The next morning I drove up to Harper’s Ferry and followed Chestnut Hill Road and Mission Road along the Ridge and river toward West Virginia’s Shannondale Springs Wildlife Management Area, one of my favorite birding spots in the region. I took two wrong turns in the woods, and I drove through old villages melting back into nature. Honestly, I thought, you could drive this road, perhaps at dusk or night, and be in the song. Although I know now that Danoff had never been to West Virginia, and he and Denver were just conjuring melodious words to compose the song, they accidentally described a place that is sort-of real.
But, but, after talking to several locals, the songwriters blew it when they suggested this is coal-mining country. “Not a single one,” one oldtimer from Shannondale said. “No coal in the Blue Ridge here. Well-known fact.” And so, no darkness and dustiness painted on the skies, presumably by coal. As for never seeing blue water: The Shenandoah is plenty blue, as is the reservoir of the area’s Mountain Lake Club.
This tiny stretch of West Virginia was, like the Virginia side of the Ridge, well known for its high-carbon charcoal—made from the trees of the Ridge—which was often used in the iron mills in the area. Indeed, resources and old-time industry wise, this area has more in common with our state than with West Virginia.
As do the people. Of those who work away from home, a majority work in Loudoun and Fairfax counties in Virginia, not in West Virginia. Houses are $100,000 to $150,000 cheaper if you go one mile west of our house in Virginia. (We’ve been tempted to make the move, too.)
“I’ve never been in a coal mine, I’ve seen plenty of blue water, and I’ve never been called ‘Mountain Momma,’” said a ridgetop resident who works at the Purcellville Wells Fargo Bank branch. “We’re a bunch of Virginia commuters. That’s why (Virginia State Highway 9) is packed every morning and night.” And “Take Me Home, Country Roads” is West Virginia’s state song? It could as easily be Virginia’s state song.

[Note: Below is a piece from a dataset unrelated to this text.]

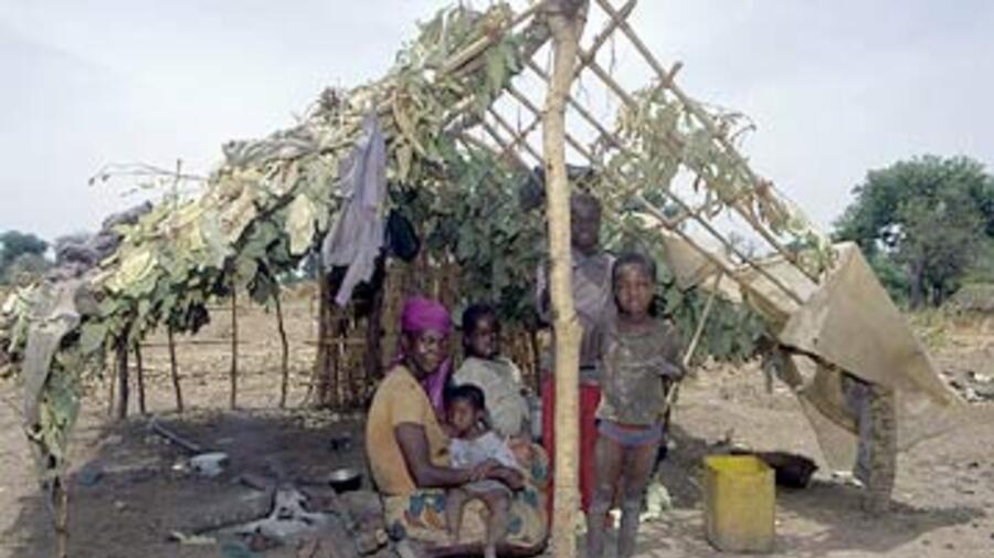 Central African refugees who fled to Chad's remote southern border in 2003 also built flimsy shelters out of leaves and sticks.
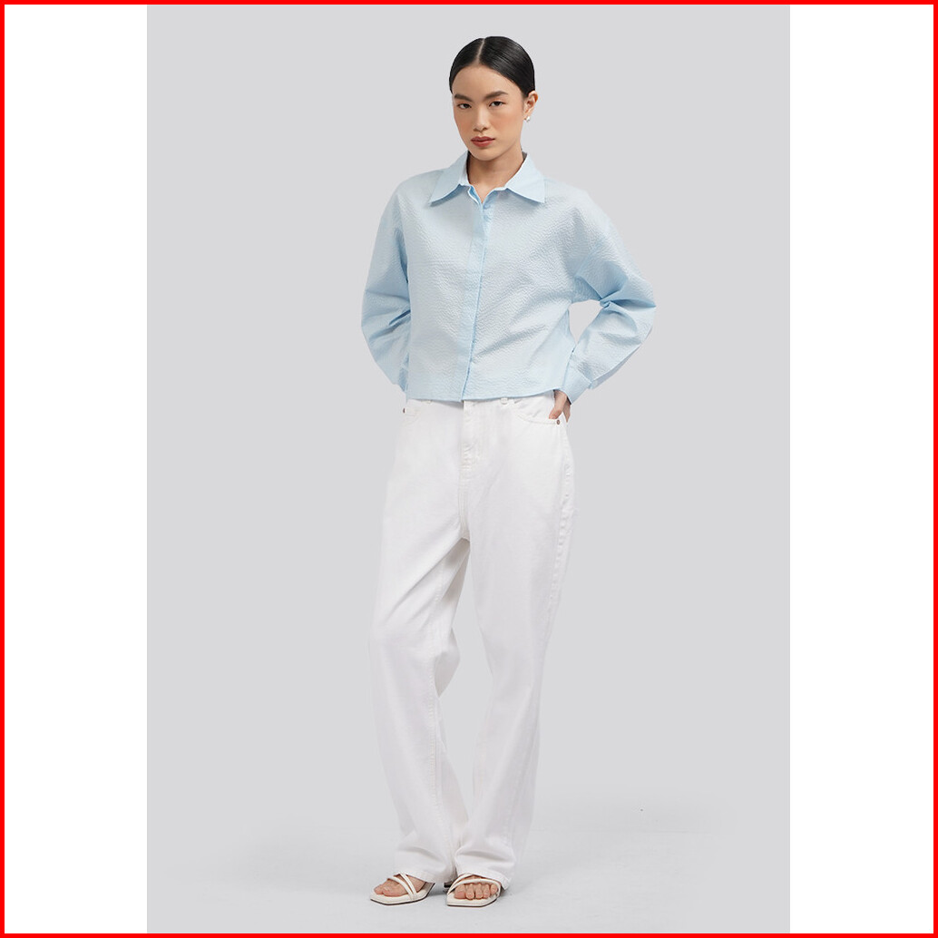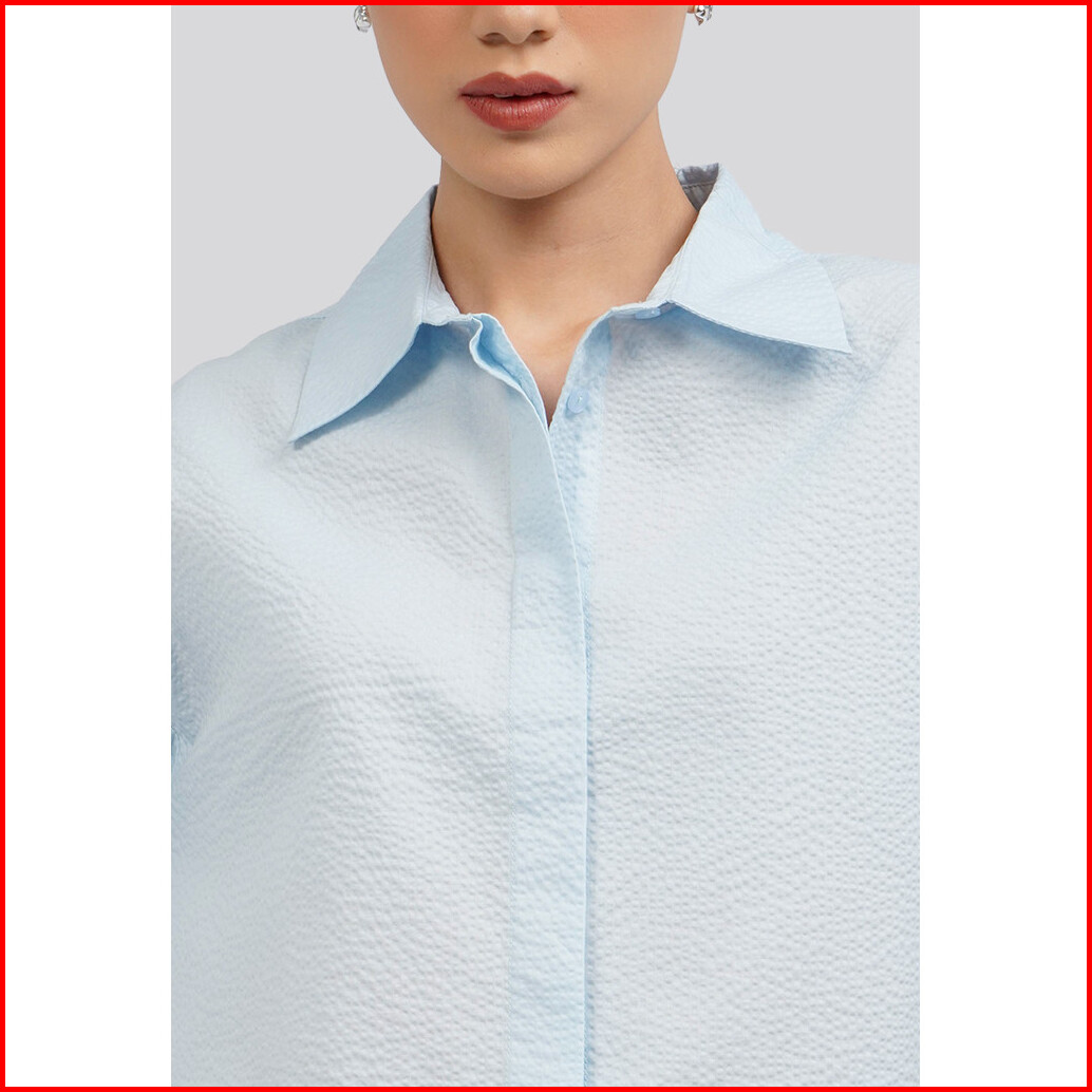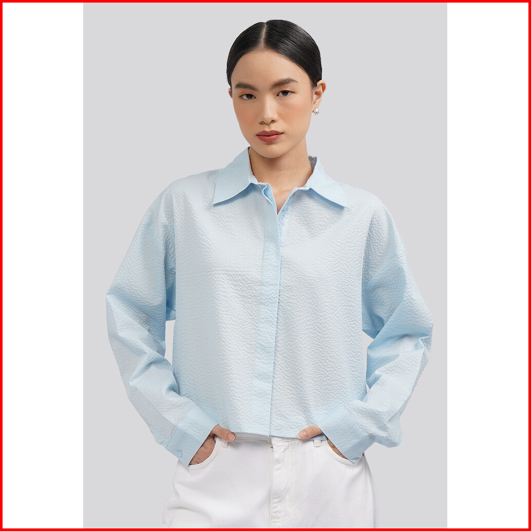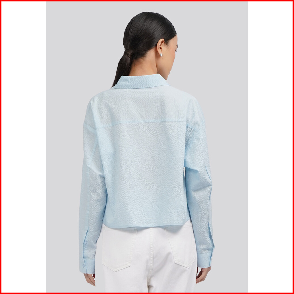 Executive Rippled Long Sleeve Crop Blouse Ice Blue

Just remove the bogus coal miner references and a few “West”s and you have an evocative description of the place my wife, son, and I longed for that evening driving back from Richmond.
Ultimately, as Denver said many times, this song is more about a feeling than an actual place. “Take Me Home, Country Roads” has remained iconic for 50 years not because it inaccurately describes only a few neighbors just to our west, but because it describes that feeling we all get longing for the place we call home.